In 2023, EA Sports FC Mobile succeeded the FIFA Mobile game series in the launch of EA Sports FC Mobile 24 on September 26, 2023. Following the split between EA and FIFA, features included cross-regional play, power shots, new skills, the return of a global market, new Spectator Mode, and a new UEFA Champions League tournament mode. FC Mobile also included CONMEBOL Libertadores for the first time as a Live Event.

==== EA Sports FC Online ====

- Cover Athlete(s): Erling Haaland, Jamal Musiala, Jude Bellingham, Kylian Mbappe, Vinicius Jr, Federico Chiesa, Enzo Fernandez, Virgil van Dijk, Son Heung-min (22 September 2023 - present)
- Released for: Windows
- Release date: May 17, 2018

On September 22, 2023; FIFA Online 4 was renamed EA Sports FC Online, following the split between EA and FIFA. The game is an online free-to-play version of EA Sports FC for Asian market.

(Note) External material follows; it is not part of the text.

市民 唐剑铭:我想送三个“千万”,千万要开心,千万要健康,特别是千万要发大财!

The game allows players to play regular matches with 2v2 or 3v3 matches like the main series as well as the Ultimate Team feature seen in other games. The game allows the ability to buy players from a marketplace and help build their stats by purchasing items. FC Online have several game modes for the similar to the traditional FC games such as House Rules and VOLTA Live.

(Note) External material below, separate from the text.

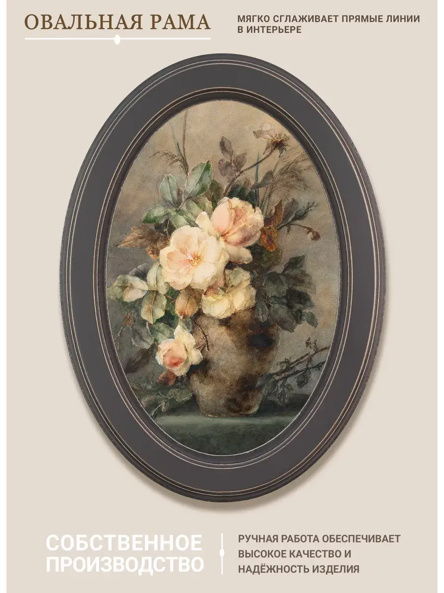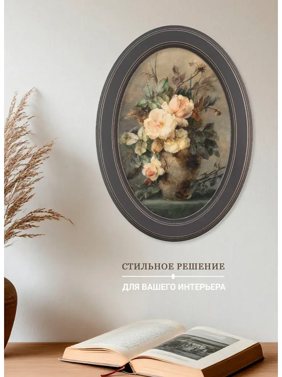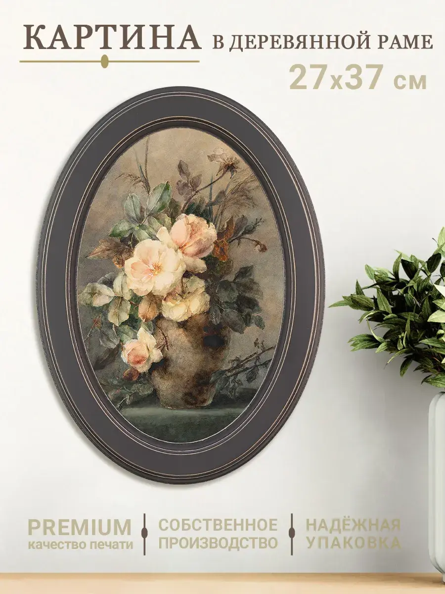Настенный декор в нежных пастельный тонах. Картина напечатана на натуральном холсте, покрыта матовым лаком, оформлена в овальную коричневую раму с эффектом состаривания.

==== EA Sports FC Tactical ====

- Cover Athlete: Son Heung-min
- Released for: iOS, Android
- Release date: May 22, 2024 (in Hong Kong, Macau, Taiwan, Singapore, Malaysia, Thailand, and Indonesia).

EA Sports FC Tactical is a turn-based football mobile game that developed by Klab Games and published by EA Sports. The gameplay of this game was very similar to Captain Tsubasa Dream Team.